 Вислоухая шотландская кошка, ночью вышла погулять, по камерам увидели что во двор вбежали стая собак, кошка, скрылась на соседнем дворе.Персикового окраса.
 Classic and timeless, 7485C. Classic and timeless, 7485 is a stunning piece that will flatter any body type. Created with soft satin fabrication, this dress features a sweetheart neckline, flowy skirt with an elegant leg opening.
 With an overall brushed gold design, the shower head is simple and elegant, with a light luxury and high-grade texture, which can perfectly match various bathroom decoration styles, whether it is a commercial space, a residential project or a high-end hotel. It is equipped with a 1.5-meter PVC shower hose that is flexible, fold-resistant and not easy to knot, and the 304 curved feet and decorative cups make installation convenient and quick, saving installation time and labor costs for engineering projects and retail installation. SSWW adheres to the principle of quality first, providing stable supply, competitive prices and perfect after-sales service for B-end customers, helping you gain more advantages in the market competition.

= = = =

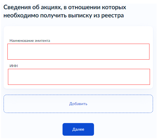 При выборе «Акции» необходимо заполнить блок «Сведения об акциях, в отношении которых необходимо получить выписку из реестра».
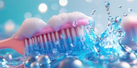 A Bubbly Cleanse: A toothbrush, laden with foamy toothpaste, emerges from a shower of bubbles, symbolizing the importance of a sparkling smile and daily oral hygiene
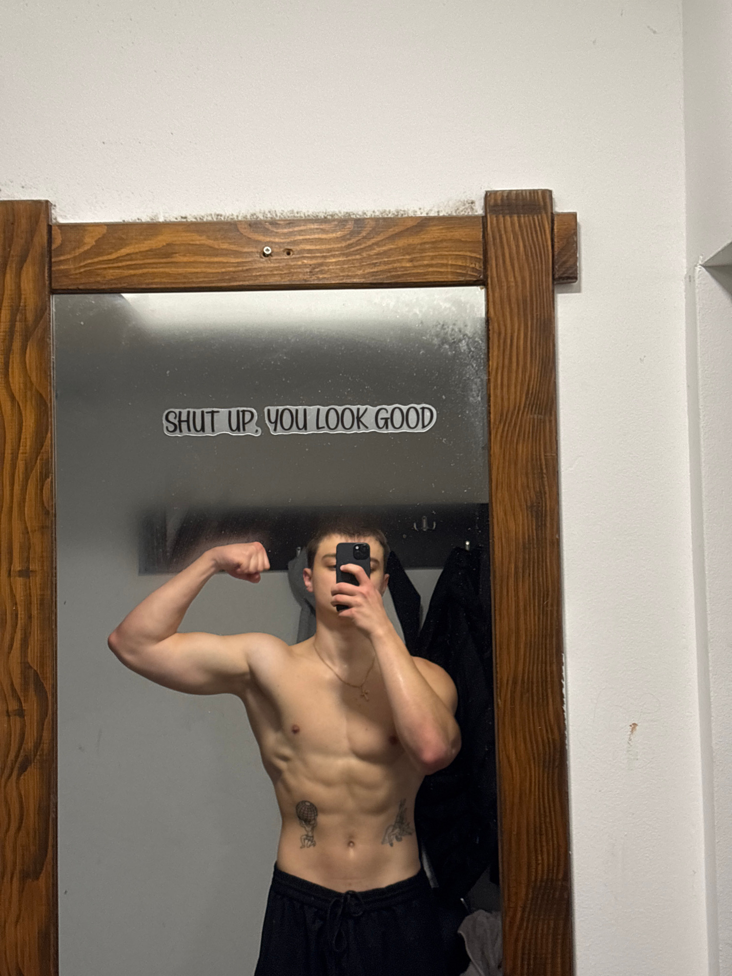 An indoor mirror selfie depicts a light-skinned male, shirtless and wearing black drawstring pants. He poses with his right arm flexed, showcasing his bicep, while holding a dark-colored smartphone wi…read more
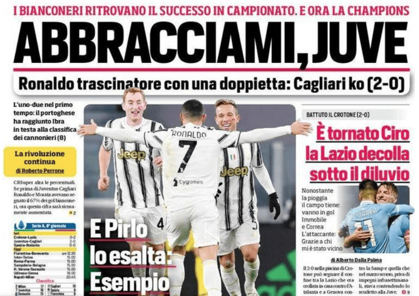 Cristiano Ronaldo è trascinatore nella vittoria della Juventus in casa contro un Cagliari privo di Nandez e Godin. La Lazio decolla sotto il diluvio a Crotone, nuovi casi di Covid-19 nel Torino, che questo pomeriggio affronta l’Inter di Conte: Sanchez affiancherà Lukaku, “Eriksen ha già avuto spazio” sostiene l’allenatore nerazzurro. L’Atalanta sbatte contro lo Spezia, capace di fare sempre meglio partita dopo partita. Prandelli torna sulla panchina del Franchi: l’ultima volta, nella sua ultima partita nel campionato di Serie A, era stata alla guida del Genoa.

= = = =

[Directions] Please repeat, exactly as written, the lines in the records above, starting with the one that has "необходимо заполнить блок" and going on through the one that has "An indoor mirror". Pictures are to be left out.

[Answer for the task]
 При выборе «Акции» необходимо заполнить блок «Сведения об акциях, в отношении которых необходимо получить выписку из реестра».
 A Bubbly Cleanse: A toothbrush, laden with foamy toothpaste, emerges from a shower of bubbles, symbolizing the importance of a sparkling smile and daily oral hygiene
 An indoor mirror selfie depicts a light-skinned male, shirtless and wearing black drawstring pants. He poses with his right arm flexed, showcasing his bicep, while holding a dark-colored smartphone wi…read more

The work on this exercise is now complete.